> **MATERIAL FOR THIS EXERCISE**:
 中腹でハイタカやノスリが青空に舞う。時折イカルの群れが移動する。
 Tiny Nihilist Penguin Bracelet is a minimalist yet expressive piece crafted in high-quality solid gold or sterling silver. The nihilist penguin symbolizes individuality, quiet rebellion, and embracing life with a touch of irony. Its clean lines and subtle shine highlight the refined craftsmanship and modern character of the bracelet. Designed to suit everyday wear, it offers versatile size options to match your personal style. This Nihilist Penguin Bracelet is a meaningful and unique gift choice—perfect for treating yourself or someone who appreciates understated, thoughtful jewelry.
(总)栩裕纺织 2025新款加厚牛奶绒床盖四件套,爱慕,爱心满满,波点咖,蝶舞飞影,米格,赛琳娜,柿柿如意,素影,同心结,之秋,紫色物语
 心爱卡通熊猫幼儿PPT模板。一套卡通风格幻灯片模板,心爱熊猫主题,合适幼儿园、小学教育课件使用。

* * *

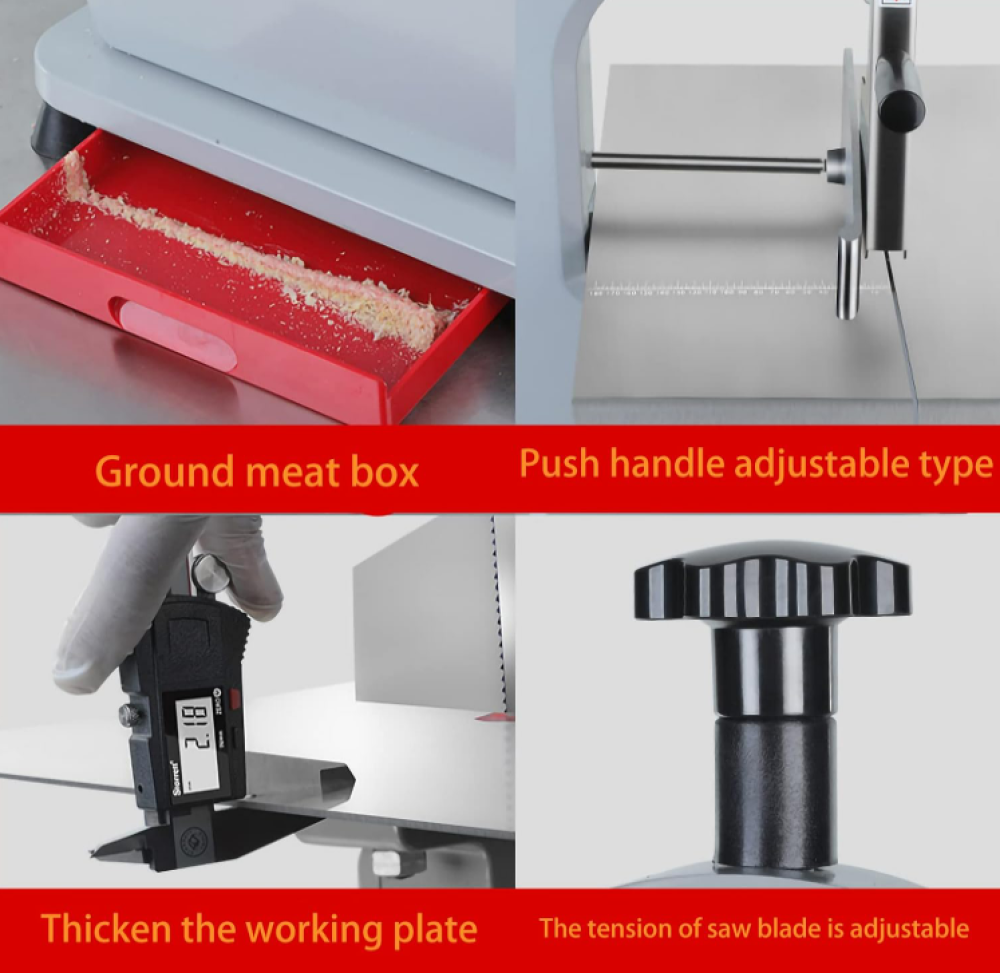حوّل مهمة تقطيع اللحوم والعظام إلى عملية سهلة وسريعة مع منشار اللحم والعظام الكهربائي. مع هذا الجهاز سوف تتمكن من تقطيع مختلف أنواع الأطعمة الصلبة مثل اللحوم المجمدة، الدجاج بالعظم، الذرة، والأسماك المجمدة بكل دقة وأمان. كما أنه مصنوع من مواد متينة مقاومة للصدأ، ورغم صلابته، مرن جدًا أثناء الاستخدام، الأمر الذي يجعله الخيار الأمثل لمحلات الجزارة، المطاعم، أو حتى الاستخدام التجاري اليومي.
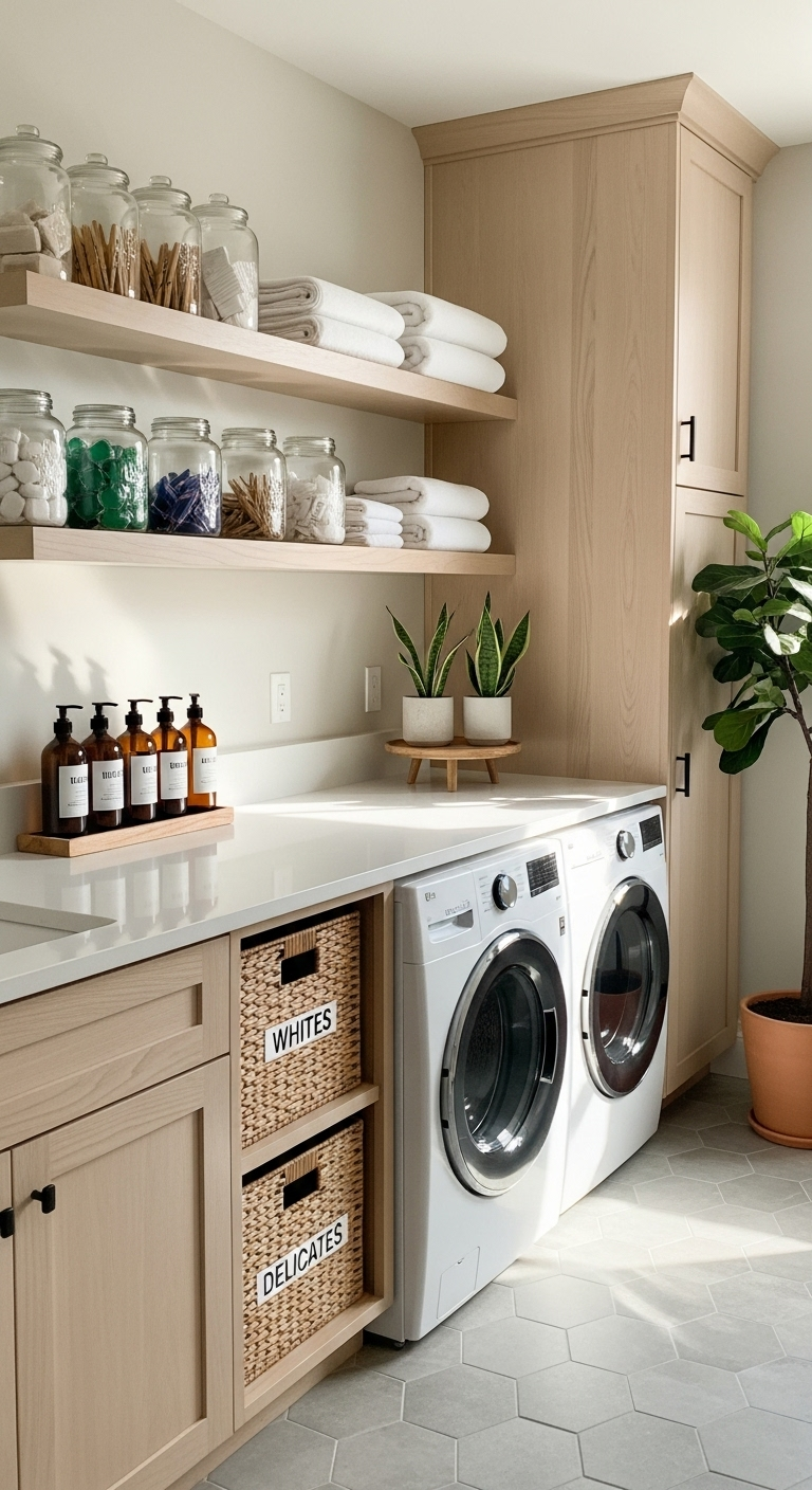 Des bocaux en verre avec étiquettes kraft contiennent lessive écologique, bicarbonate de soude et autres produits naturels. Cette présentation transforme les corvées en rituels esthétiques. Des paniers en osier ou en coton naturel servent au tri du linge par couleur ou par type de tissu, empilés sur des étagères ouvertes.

> **HOW TO COMPLETE THIS TASK**: The output should be exactly the lines above from the line containing "中腹でハイタカやノスリが青空に舞う。時折イカルの群れが移動する。" to the line containing "(总)栩裕纺织 2025新款", inclusive, with no other lines.

> **ANSWER BOX**:
 中腹でハイタカやノスリが青空に舞う。時折イカルの群れが移動する。
 Tiny Nihilist Penguin Bracelet is a minimalist yet expressive piece crafted in high-quality solid gold or sterling silver. The nihilist penguin symbolizes individuality, quiet rebellion, and embracing life with a touch of irony. Its clean lines and subtle shine highlight the refined craftsmanship and modern character of the bracelet. Designed to suit everyday wear, it offers versatile size options to match your personal style. This Nihilist Penguin Bracelet is a meaningful and unique gift choice—perfect for treating yourself or someone who appreciates understated, thoughtful jewelry.
(总)栩裕纺织 2025新款加厚牛奶绒床盖四件套,爱慕,爱心满满,波点咖,蝶舞飞影,米格,赛琳娜,柿柿如意,素影,同心结,之秋,紫色物语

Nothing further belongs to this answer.